The FAIR™ method offers an objective and quantifiable risk analysis model, which results in a mathematical risk estimate. This then leads to the development of risk scenarios that can be compared to one another. Taking all of this into account, analysts and information security experts have everything they need to design effective cyber risk prevention measures.

Definition and objective of the FAIR™ standard

The FAIR™ standard offers a taxonomy and a methodology for cyber risk analysis in all business functions. Through financially quantified risk scenarios, the FAIR™ framework establishes a link between cybersecurity experts, business managers, and general management. This standard is designed, supported and promoted by the FAIR™ Institute, a professional non-profit organization.

This approach to cyber risk analysis first proposes a taxonomy of the distinct factors that constitute risk, a collection of definitions which clarify certain concepts: risk, threat, danger, asset, control, audit. The FAIR™ method explains the connections between these factors, giving a company food for thought.

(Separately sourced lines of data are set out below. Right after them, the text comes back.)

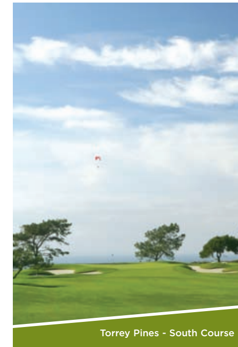
Torrey Pines - South Course

Jones also added 38 bunkers, though he left plenty of room off the tee, and he fiddled with green contours and location, moving several greens closer to canyon edges. The effect of the changes can be seen in the winning scores at the Buick Invitational: in the three years prior to the renovation, the average winning total was 268; in the seven years since, including Woods' runaway victory in January, the average winning score was nearly 274.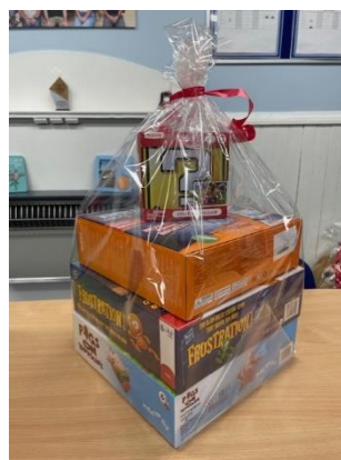
Games and jigsaw pack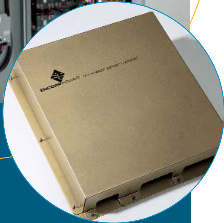
Single Generator Paralleling Switch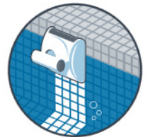
Water line cleaning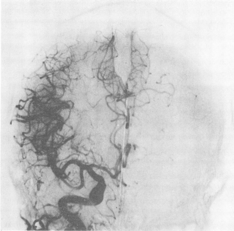
Fig. 1 Subtracted antero-posterior view of right carotid angiogram showing separation of right pericallosal arterial branches and supramarginal arteries from the midline by an avascular mass lying against the falx (case 1).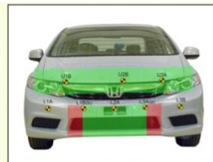
Adult leg impact (upper and full legforms)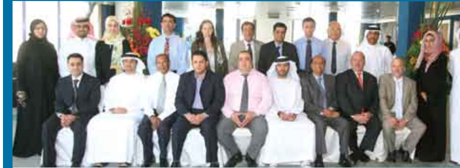
Jafza senior officials with clients

Holds networking events to establish direct contact with clients

The FAIR™ standard also provides a methodology for breaking down risk into distinct measurable factors and for using statistics and probabilities to quantitatively estimate risk. The objectives are to analyze complex risks, to identify key data for quantification and to understand the interdependencies between risk factors.

Then, on the basis of logical, easy-to-explain, repeatable, and defensible scenarios, forecasts of future loss (in GBP, EUR, USD, or other currencies) can be presented to decision makers.

What questions does this methodology address?

Organizations across the globe trust this approach because it enables management to make informed decisions about cybersecurity. The FAIR™ standard thus helps answer the following questions:

  • How many times could a disaster occur in a given time interval?
  • How much will this disaster cost?
  • What are the main cyber risks?
  • Which assets are concerned?
  • How and how much money should one invest to reduce those risks?
  • Between two control solutions, which one would reduce the risk most effectively?
  • What risks call for the use of insurance and for what coverage amount?
  • Which insurance policy best suits the company’s risks?

By extension, the FAIR™ analysis method gives you the opportunity to have an effective thought process about your cybersecurity budget. It also helps you to choose the risk reduction solution that will yield the best return on investment. This approach also facilitates regulatory compliance.

Benefits from quantifying cyber risk with the FAIR standard

What is the FAIR™ methodology’s definition of risk?

In the FAIR™ standard, risk is defined as the "probable frequency and probable magnitude of future loss".

What are the steps of the FAIR™ methodology?

The FAIR™ methodology has 4 steps: - identifying the components of the scenarios; - evaluating the frequency of loss events; - estimating the magnitude of the future loss; - calculating the risk.

The FAIR™ Methodology for Cyber Risks

You will not be able to make a prediction with the FAIR™ methodology, but it will provide you with the best possible estimate of cyber risk-induced potential loss, according to the available data.